Dataset excerpts:
= Beginning of Section =

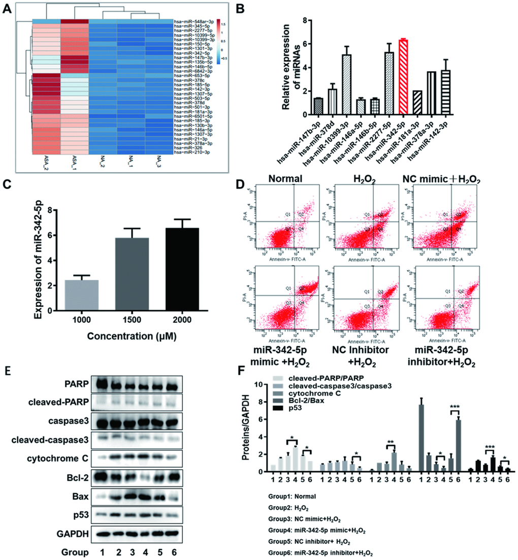 The aimed miRNA, miR-342-5p, is identified and promotes the apoptosis of HUVECs impaired by H2O2
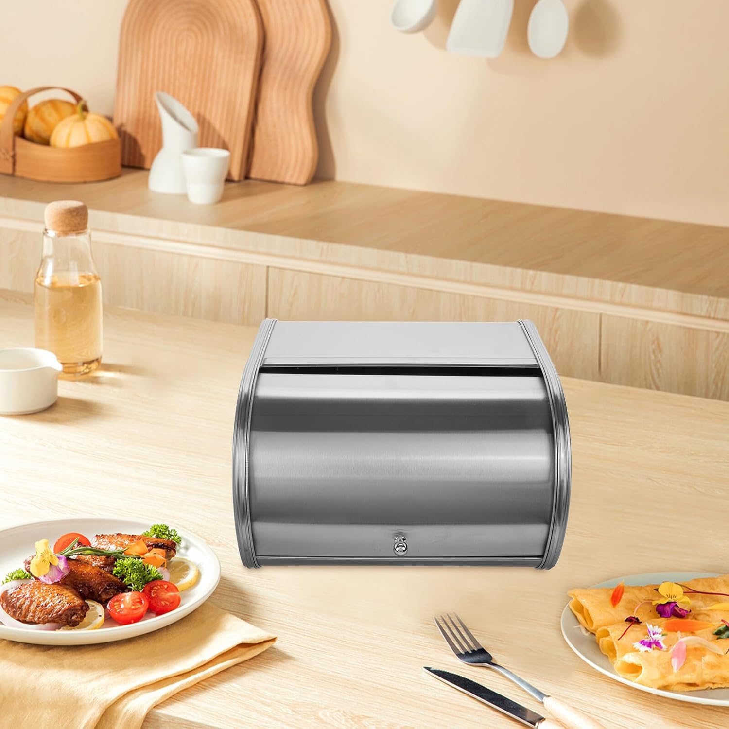 Package Include 1 x bread storage box Features -Size:30.00X27.00X17.80cm/11.79X10.61X7.00in -Material:Stainless steel -Color:Light Grey -Product Info:Frosted storage box - The vintage design of this bread box adds touch of charm to your kitchen decor, widely used. Desktop Bread Bin - This multipurpose storage box is perfect for storing not only bread, but also cookies and other baked goods kitchen organizer. - Made of and easy-to-clean material, this bread box use, easy maintenance. - This storage box is ideal for storing bread, snacks, and other items, helping to keep your space organized and clutter- Storage Container. - With its large capacity, this storage container allows for easy organization and storage of your breads Bread Storage.Goods Informationbread holder for kitchen counter Made of and easy-to-clean material, this bread box is built to last.kitchen organizer Its vintage design adds touch of retro charm to any space.bread organizer With its large capacity, metal bread box allows for easy organization of your kitchen essentials.Bread Storage Container The metal bread box is a stylish and versatile storage solution for your kitchen
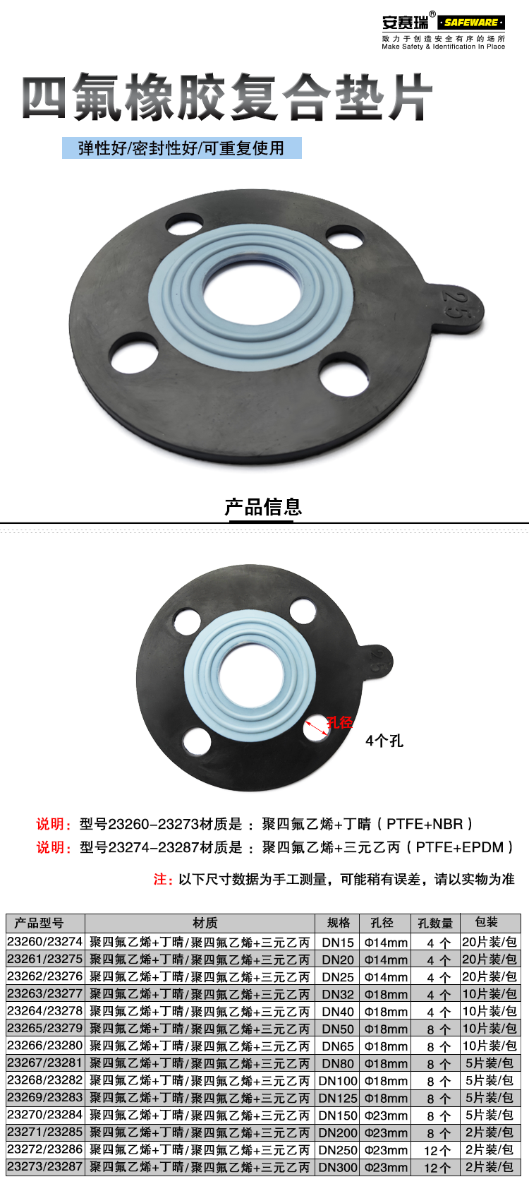 5 本型号为PTFE+NBR材质,需根据实际介质选择使用
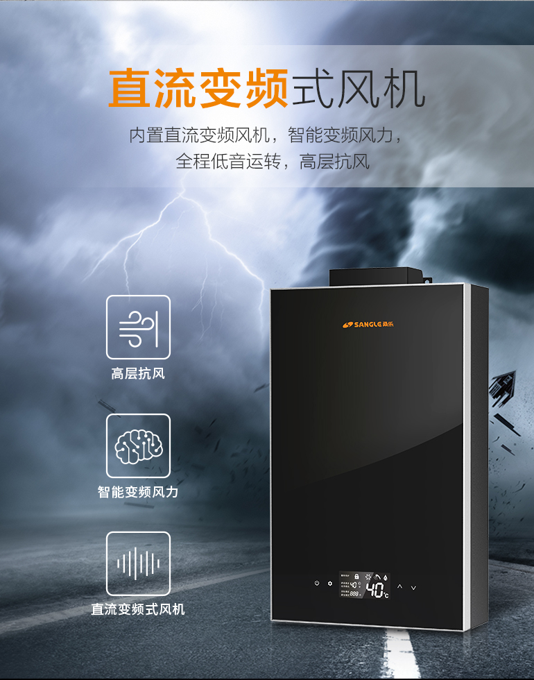 桑樂燃?xì)鉄崴?,采用直流變頻式風(fēng)機(jī),可實(shí)時監(jiān)測室外風(fēng)壓變化情況,保證持續(xù)的氧氣供應(yīng),維持高效、充分、穩(wěn)定燃燒;自動調(diào)整輸出轉(zhuǎn)速來對抗外部風(fēng)壓變化,快速實(shí)現(xiàn)恒定水溫,將波動范圍控制在±1℃,真正做到無感溫差,讓寶寶嬌嫩、敏感的肌膚不再受到水溫偏差的刺激,洗浴更舒適;智能風(fēng)壓補(bǔ)償技術(shù),頂驅(qū)式風(fēng)機(jī),抗風(fēng)、抗凍,不懼狂風(fēng)暴雪,最大可抗八級大風(fēng)。
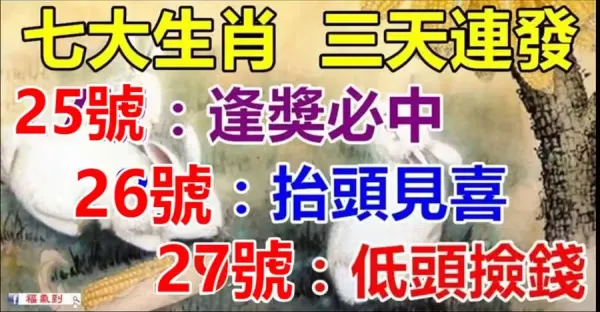 七大生肖,運氣好~25號逢獎必中,26號抬頭見喜,27號低頭撿錢
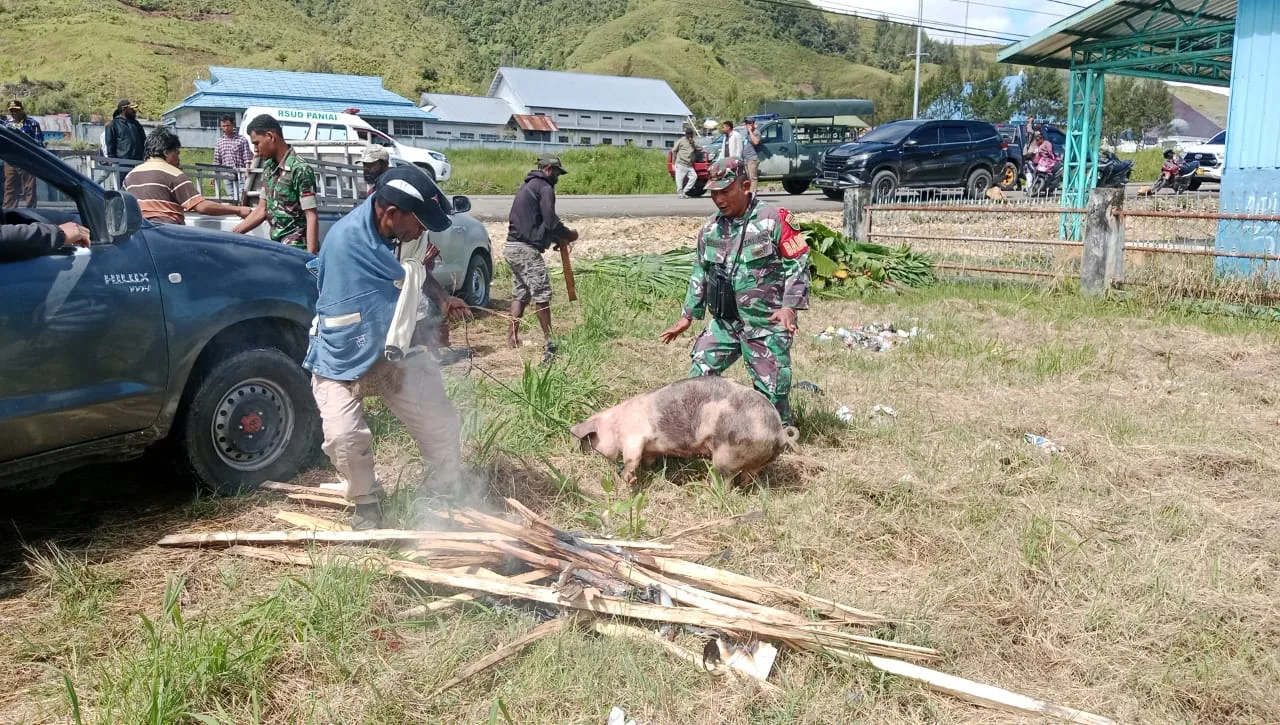 Paniai – Babinsa Koramil 1703-01/Enarotali Sertu Yulius Toni Limbong turut hadir dan terlibat langsung dalam kegiatan adat bakar batu yang dilaksanakan oleh masyarakat di Distrik Paniai Timur. Kehadiran Babinsa merupakan bentuk dukungan dan wujud nyata kebersamaan antara TNI dan masyarakat dalam menjaga serta melestarikan budaya lokal.
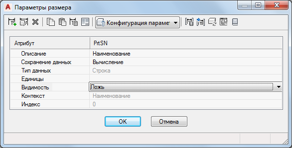 Прим.: Тип хранения данных по умолчанию для атрибута PrtSN ("Имени размера элемента") — "Таблица"; однако можно изменить тип хранения данных на "Вычисления". Определение атрибута PrtSN как вычисляемого значения позволяет определить имя каждого размера элемента на основании значений других атрибутов, например высоты и ширины, и обеспечивает дополнительные параметры в разделе "Блоки и имена" среды построения на основе блоков.
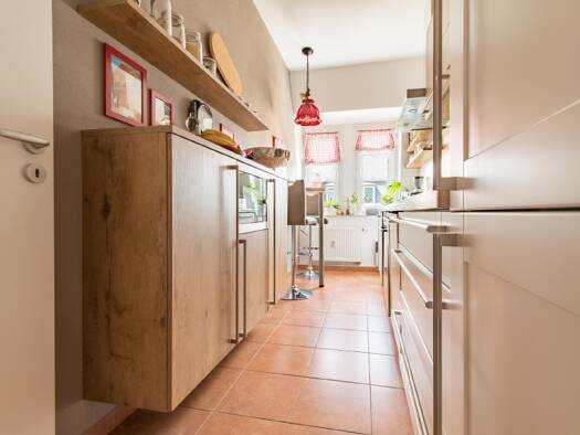 Die Wohnung befindet sich in einem sanierten denkmalgeschützten Mehrfamilienhaus im 1.OG. Sie ist mit Parkettboden und einer Einbauküche ausgestattet und hat vom Balkon aus einen schönen Fernblick. Ein Stellplatz kann optional angemietet werden.
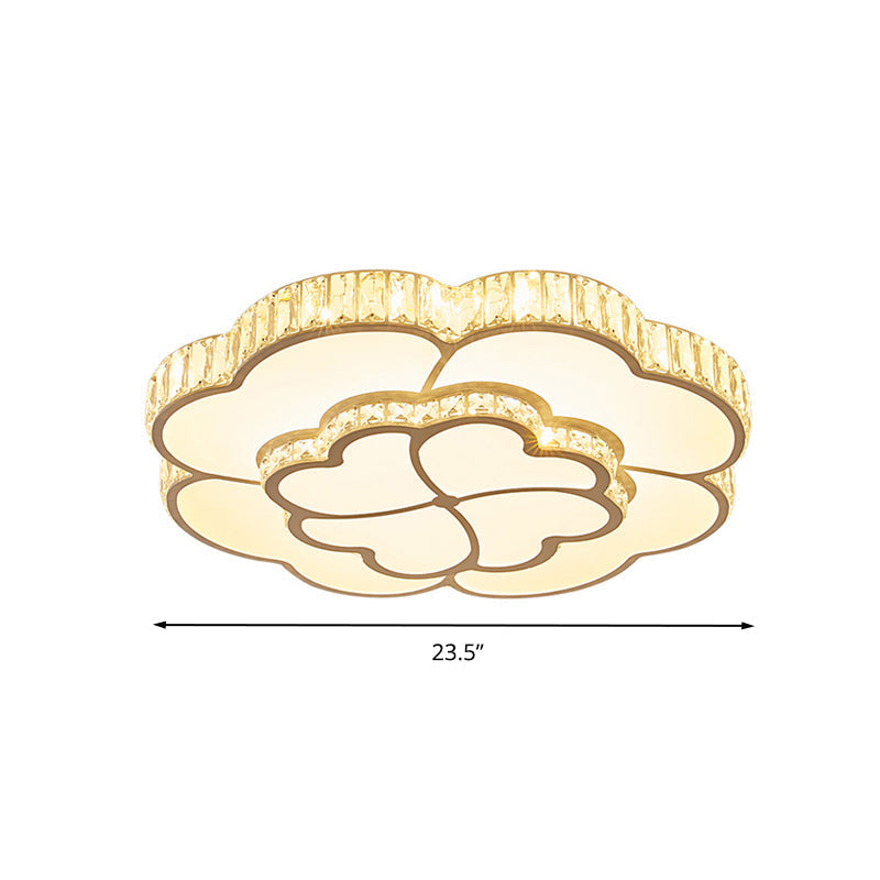 Modern Petal Crystal Led Flush Ceiling Light In White - 19.5/23.5/31.5 For Bedroom / 19.5 B

= End of Section =

Assignment: Starting at the line that contains "七大生肖,運氣好~25號逢獎必中,26號抬頭見喜,27號低頭撿錢", retype each line through the end of the data exactly, and leave out every picture.

Reply:
 七大生肖,運氣好~25號逢獎必中,26號抬頭見喜,27號低頭撿錢
 Paniai – Babinsa Koramil 1703-01/Enarotali Sertu Yulius Toni Limbong turut hadir dan terlibat langsung dalam kegiatan adat bakar batu yang dilaksanakan oleh masyarakat di Distrik Paniai Timur. Kehadiran Babinsa merupakan bentuk dukungan dan wujud nyata kebersamaan antara TNI dan masyarakat dalam menjaga serta melestarikan budaya lokal.
 Прим.: Тип хранения данных по умолчанию для атрибута PrtSN ("Имени размера элемента") — "Таблица"; однако можно изменить тип хранения данных на "Вычисления". Определение атрибута PrtSN как вычисляемого значения позволяет определить имя каждого размера элемента на основании значений других атрибутов, например высоты и ширины, и обеспечивает дополнительные параметры в разделе "Блоки и имена" среды построения на основе блоков.
 Die Wohnung befindet sich in einem sanierten denkmalgeschützten Mehrfamilienhaus im 1.OG. Sie ist mit Parkettboden und einer Einbauküche ausgestattet und hat vom Balkon aus einen schönen Fernblick. Ein Stellplatz kann optional angemietet werden.
 Modern Petal Crystal Led Flush Ceiling Light In White - 19.5/23.5/31.5 For Bedroom / 19.5 B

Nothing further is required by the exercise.